Tag Archives: military intelligence

Charlie Brown on FISA

I had the opportunity to speak with CA-04 candidate Charlie Brown about the awful FISA bill that wormed its way through the House on Friday.  Unlike Steny Hoyer and practically everyone else in the House, Brown has actually gathered intelligence in his career.  He served two rotations in Saudi Arabia, coordinating surveillance flights over the No Fly Zone in Iraq.  So he has an understanding of how intelligence is collected and what ought to be done when such collection results in information gleaned from Americans.

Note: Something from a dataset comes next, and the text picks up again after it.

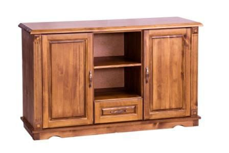 A komódon a termékcsaládra jellemző motívumok találhatóak, ezért minőségibb megjelenést kölcsönöz. Fiókjai fém síneken gördülnek. A termék teljes egészében tömör borovi fenyőfa.

As soon as I brought up the FISA bill, Brown sighed.  He said there was no way he could support the bill that was passed in the House, and he in particular cited the telecom immunity aspect for a variety of reasons.  “When I was gathering intelligence, if I ever picked up information outside what was authorized, I would have to flag the tape and immediately deliver it to my commanding officer for destruction,” he said.  “If I didn’t, I’d be sitting at Leavenworth.”  To treat the phone companies in a different way that he would have been personally treated seems unfathomable.  Brown’s main argument is that the world is a dangerous place and foreign surveillance within the law is sometimes warranted.  But the precedent of giving phone companies a free pass after the President supplies them with a piece of paper allowing them to break the law is quite dangerous.  “This is exactly what happened in 1973.  In the Vietnam War, Lyndon Johnson lied about the Gulf of Tonkin incident as a pretext to get us into that war, and the resolution passed was misused to escalate that conflict without the control of Congress.  in 1973 Congress reasserted itself and passed the War Powers Act to ensure that never again could the executive go to war without expressed approval of the legislative body.  And that was ignored for the next 35 years.”  Passing a FISA bill that is the “exclusive” means for electronic surveillance is part of the same deception.  Laws don’t need to be reasserted, they need to be enforced.

Brown was concerned that we seem to continue granting immunity to the wrong people, and not just the telecoms.  We bail out Bear Stearns but not individual homeowners.  We throw individual privates in jail for Abu Ghraib but never go up the chain of command.  “There is an accountability problem in Washington, DC,” as Brown put it.  And the Title I aspects of the bill, which allow warrantless spying of bulk targets under executive-proclaimed “exigent circumstances,” particularly with no need to throw out the intelligence gained that way if later found to to be illegal, was a concern as well.

If Charlie Brown can manage to run for office in what has traditionally been a heavily Republican district and understand that Constitutional principles and federal statutes must come first, then it’s just impossible to take Bush Dogs who voted for FISA out of fear seriously.  “Conservative Republicans should never vote for this kind of bill… they ought to be skeptical of government power and protective of civil liberties.”

It’s important that as we go forward we support those candidates who understand these issues, who will not be swayed by what a lobbyist or a leadership PAC will suggest, but who have the experience and strength to vote based on their own principles.  There’s no question in my mind that Charlie Brown is that kind of candidate.